Precautions Pregnancy category D if full dose given during third trimester; may cause transient decrease in renal function and aggravate chronic kidney disease; avoid use in patients with severe anemia, with history of blood coagulation defects, or taking anticoagulants
Drug Name
Naproxen (Anaprox, Naprelan, Naprosyn) -- For relief of mild to moderate pain; inhibits inflammatory reactions and pain by decreasing activity of cyclo-oxygenase, which is responsible for prostaglandin synthesis.
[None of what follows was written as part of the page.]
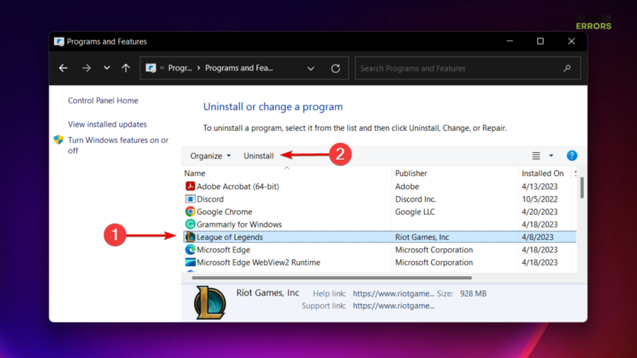 - Leta upp och klicka påMinecrafti listan över installerade appar, klicka sedan på knappen Avinstallera, precis som vi visar dig med LoL-exemplet i bilden nedan.

NSAIDs decrease intraglomerular pressure and decrease proteinuria.
Adult Dose 250-500 mg PO bid; may increase to 1.5 g/d for limited periods
Pediatric Dose <2 years: Not established
>2 years: 2.5 mg/kg/dose PO; not to exceed 10 mg/kg/d
Contraindications Documented hypersensitivity; peptic ulcer disease; recent GI bleeding or perforation; renal insufficiency
Interactions Coadministration with aspirin increases risk of inducing serious NSAID-related side effects; probenecid may increase concentrations and, possibly, toxicity of NSAIDs; may decrease effect of hydralazine, captopril, and beta-blockers; may decrease diuretic effects of furosemide and thiazides; may increase PT when taking anticoagulants (instruct patients to watch for signs of bleeding); may increase risk of methotrexate toxicity; phenytoin levels may be increased when administered concurrently
Pregnancy C - Safety for use during pregnancy has not been established.
Precautions Pregnancy category D in third trimester; acute renal insufficiency, interstitial nephritis, hyperkalemia, hyponatremia, and renal papillary necrosis may occur; patients with preexisting renal disease or compromised renal perfusion risk acute renal failure; leukopenia occurs rarely, is transient, and usually returns to normal during therapy; persistent leukopenia, granulocytopenia, or thrombocytopenia warrants further evaluation and may require discontinuation of drug

 

FOLLOW-UP

Complications:

  • Carditis
  • Mitral stenosis
  • Congestive heart failure (CHF)

Prognosis:

  • Sequelae are limited to the heart and are dependent upon the severity of the carditis during the acute attack.

 

MISCELLANEOUS

Medical/Legal Pitfalls:

  • Diagnosis of acute rheumatic fever usually is evident if considered in the differential of a child with suggestive signs and symptoms. The primary medicolegal pitfall is not making the diagnosis in a timely fashion. Failure to diagnose translates into failure to treat. Complications may occur in any patient but are much more likely if treatment is delayed.
  • Concern also arises over failure to recognize and treat a streptococcal infection that eventually leads to ARF.